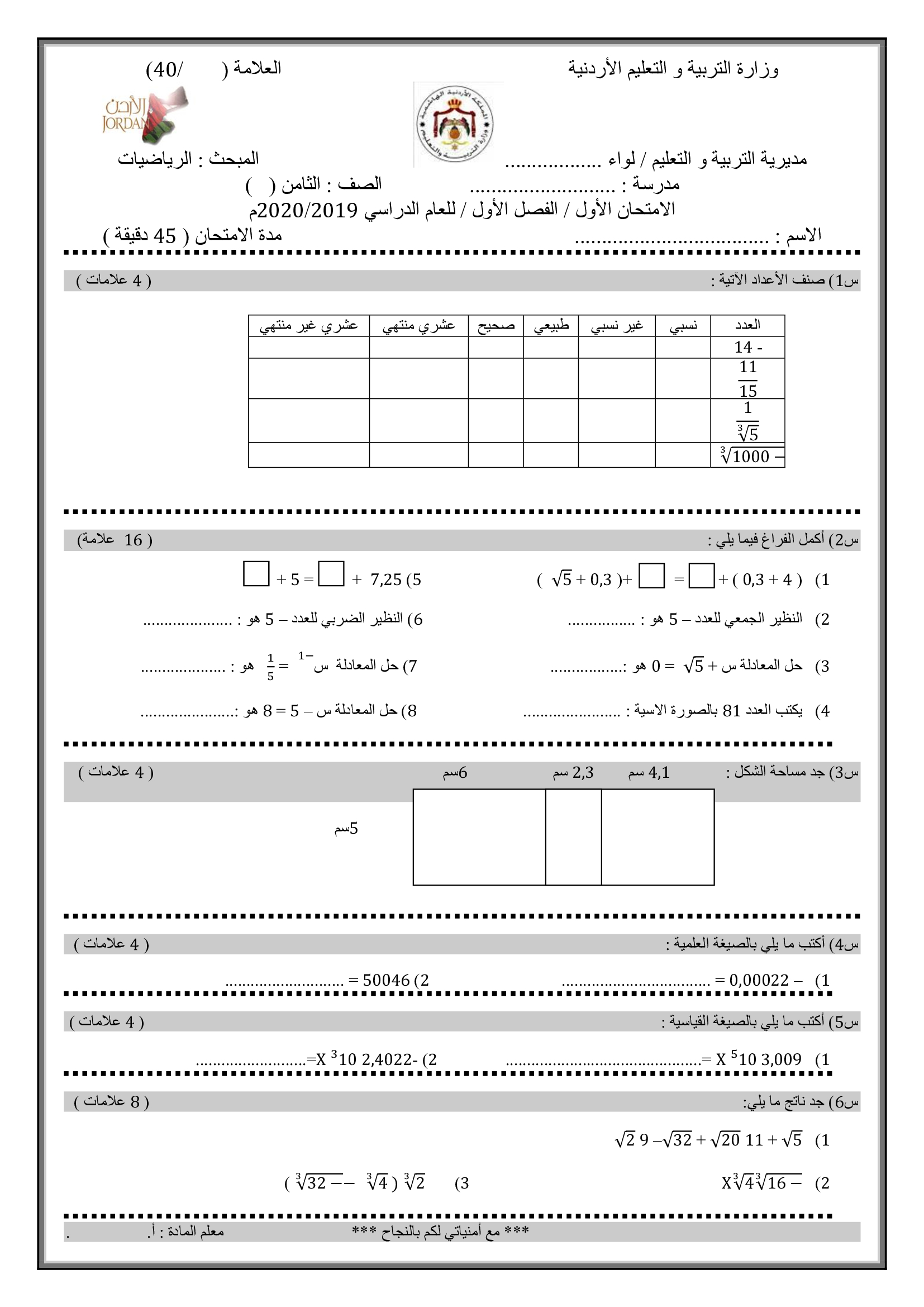 صورة و وورد اختبار الرياضيات الشهر الاول للصف الثامن الفصل الاول 2019 صورة و وورد امتحان الرياضيات الشهر الاول للصف الثامن الفصل الاول 2019 صورة و وور
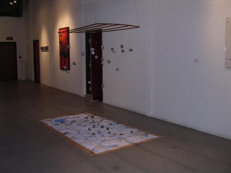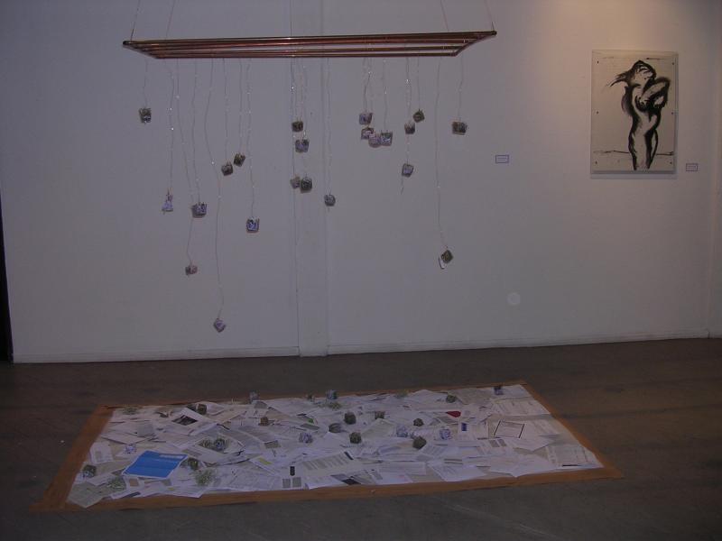 "It's Only Money"- Installation dealing with the senslessness of worry. Shredded tax forms and U.S. currency suspended in gelatin cubes hanging from copper tubing over tossed tax forms and instructions. .
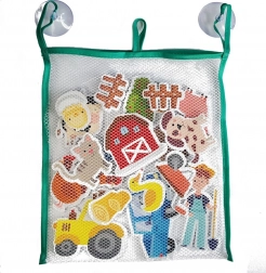 Verander het dagelijkse badmoment in een vrolijk boerderij-avontuur! Kleurrijke schuimrubberen stickers hechten na bevochtigen eenvoudig aan het bad, de tegels of het glas en blijven dankzij het lichte materiaal ook drijven op het water. Inclusief een handig net met zuignappen voor gemakkelijk drogen en opbergen. Ideaal voor kinderen vanaf 3 jaar, met focus op veilig, creatief en educatief spel in het water.
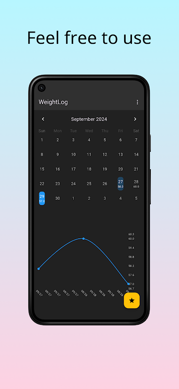 Record your weight daily in the calendar and manage it simply and intuitively. Ideal for dieting or athletes! Displays weight trends clearly in a graph.This app allows you to record your daily weight on a calendar and manage it simply. Ideal for those on a diet or athletes, it includes a graph feature that lets you quickly see weight fluctuations at a glance. The app is very easy to use, with intuitive operation, so anyone can start using it right away. By recording your weight on the calendar, you can visualize daily changes and maintain motivation to achieve your goals. All past data is saved, allowing you to look back at any time. Start managing your health with this simple and efficient weight management app.
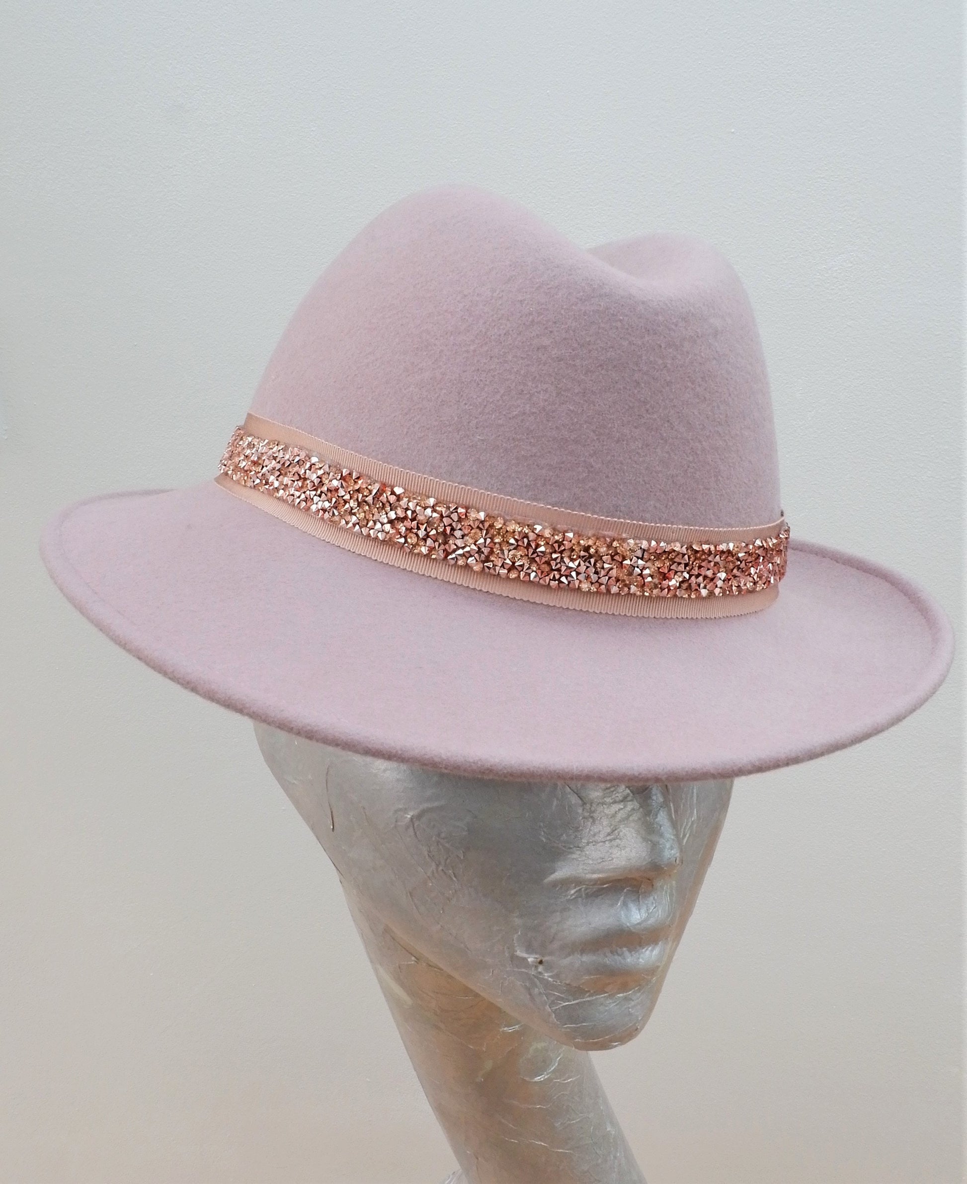 This is a beautiful rigid felt Trilby in a stunning shade of blush with a Rose gold Diamante trim

Exercise brief:
Please retype all the entries word for word, omitting the pictures.

Exercise result:
 صورة و وورد اختبار الرياضيات الشهر الاول للصف الثامن الفصل الاول 2019 صورة و وورد امتحان الرياضيات الشهر الاول للصف الثامن الفصل الاول 2019 صورة و وور
 "It's Only Money"- Installation dealing with the senslessness of worry. Shredded tax forms and U.S. currency suspended in gelatin cubes hanging from copper tubing over tossed tax forms and instructions. .
 Verander het dagelijkse badmoment in een vrolijk boerderij-avontuur! Kleurrijke schuimrubberen stickers hechten na bevochtigen eenvoudig aan het bad, de tegels of het glas en blijven dankzij het lichte materiaal ook drijven op het water. Inclusief een handig net met zuignappen voor gemakkelijk drogen en opbergen. Ideaal voor kinderen vanaf 3 jaar, met focus op veilig, creatief en educatief spel in het water.
 Record your weight daily in the calendar and manage it simply and intuitively. Ideal for dieting or athletes! Displays weight trends clearly in a graph.This app allows you to record your daily weight on a calendar and manage it simply. Ideal for those on a diet or athletes, it includes a graph feature that lets you quickly see weight fluctuations at a glance. The app is very easy to use, with intuitive operation, so anyone can start using it right away. By recording your weight on the calendar, you can visualize daily changes and maintain motivation to achieve your goals. All past data is saved, allowing you to look back at any time. Start managing your health with this simple and efficient weight management app.
 This is a beautiful rigid felt Trilby in a stunning shade of blush with a Rose gold Diamante trim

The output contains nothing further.